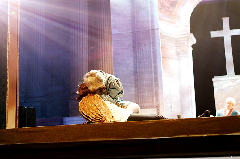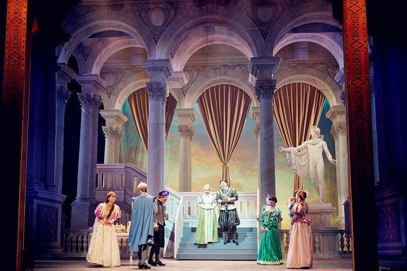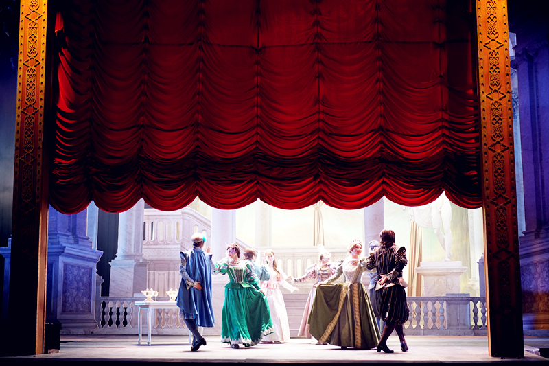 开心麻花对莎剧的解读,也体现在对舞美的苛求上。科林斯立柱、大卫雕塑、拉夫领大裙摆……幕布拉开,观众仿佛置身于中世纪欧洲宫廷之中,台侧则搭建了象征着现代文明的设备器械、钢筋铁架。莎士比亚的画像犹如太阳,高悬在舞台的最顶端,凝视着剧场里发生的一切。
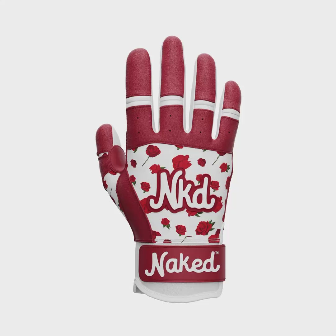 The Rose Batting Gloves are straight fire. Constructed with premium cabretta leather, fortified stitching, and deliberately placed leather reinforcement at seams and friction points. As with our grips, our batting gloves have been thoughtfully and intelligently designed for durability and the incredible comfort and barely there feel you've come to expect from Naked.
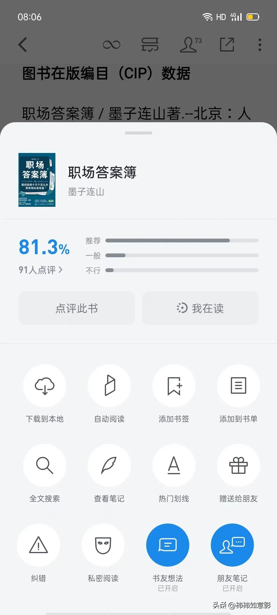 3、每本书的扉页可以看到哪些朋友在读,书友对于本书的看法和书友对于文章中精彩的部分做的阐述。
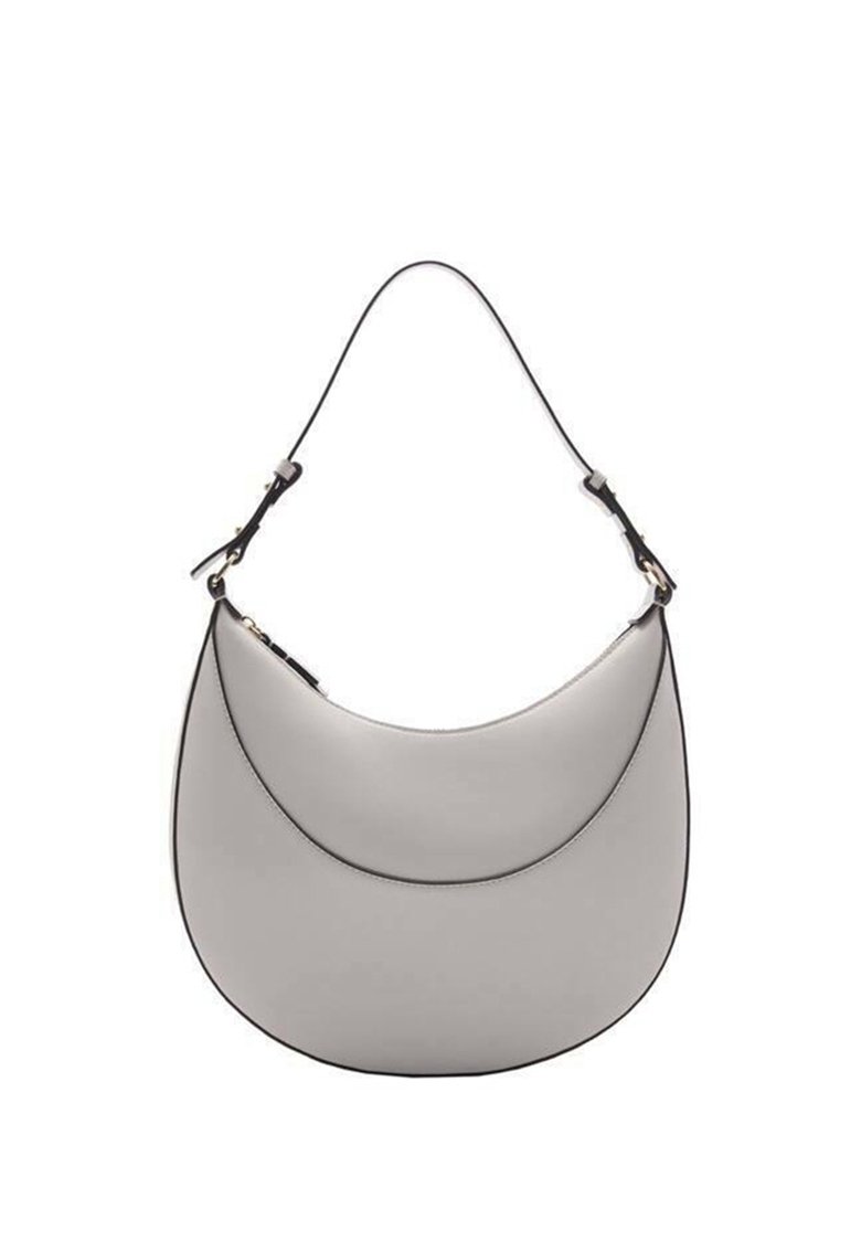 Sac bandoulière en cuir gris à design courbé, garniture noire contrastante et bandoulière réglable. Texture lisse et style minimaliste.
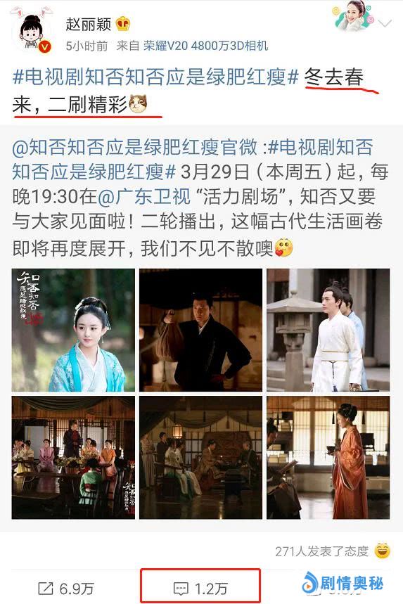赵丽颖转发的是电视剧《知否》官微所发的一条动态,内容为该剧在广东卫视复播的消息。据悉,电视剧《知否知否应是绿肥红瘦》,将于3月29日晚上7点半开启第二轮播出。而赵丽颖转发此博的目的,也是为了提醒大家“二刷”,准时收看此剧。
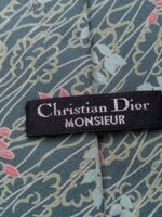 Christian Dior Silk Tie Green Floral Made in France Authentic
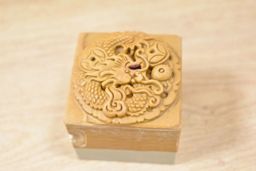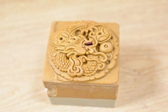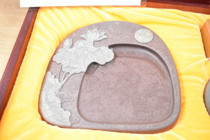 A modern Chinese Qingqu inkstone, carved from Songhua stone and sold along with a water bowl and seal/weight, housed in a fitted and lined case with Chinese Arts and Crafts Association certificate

· · · · · · ·

WHAT TO PRODUCE:
Pictures are not part of the copy; transcribe the rest of the data verbatim.

WRITTEN REPLY:
 开心麻花对莎剧的解读,也体现在对舞美的苛求上。科林斯立柱、大卫雕塑、拉夫领大裙摆……幕布拉开,观众仿佛置身于中世纪欧洲宫廷之中,台侧则搭建了象征着现代文明的设备器械、钢筋铁架。莎士比亚的画像犹如太阳,高悬在舞台的最顶端,凝视着剧场里发生的一切。
 The Rose Batting Gloves are straight fire. Constructed with premium cabretta leather, fortified stitching, and deliberately placed leather reinforcement at seams and friction points. As with our grips, our batting gloves have been thoughtfully and intelligently designed for durability and the incredible comfort and barely there feel you've come to expect from Naked.
 3、每本书的扉页可以看到哪些朋友在读,书友对于本书的看法和书友对于文章中精彩的部分做的阐述。
 Sac bandoulière en cuir gris à design courbé, garniture noire contrastante et bandoulière réglable. Texture lisse et style minimaliste.
赵丽颖转发的是电视剧《知否》官微所发的一条动态,内容为该剧在广东卫视复播的消息。据悉,电视剧《知否知否应是绿肥红瘦》,将于3月29日晚上7点半开启第二轮播出。而赵丽颖转发此博的目的,也是为了提醒大家“二刷”,准时收看此剧。
 Christian Dior Silk Tie Green Floral Made in France Authentic
 A modern Chinese Qingqu inkstone, carved from Songhua stone and sold along with a water bowl and seal/weight, housed in a fitted and lined case with Chinese Arts and Crafts Association certificate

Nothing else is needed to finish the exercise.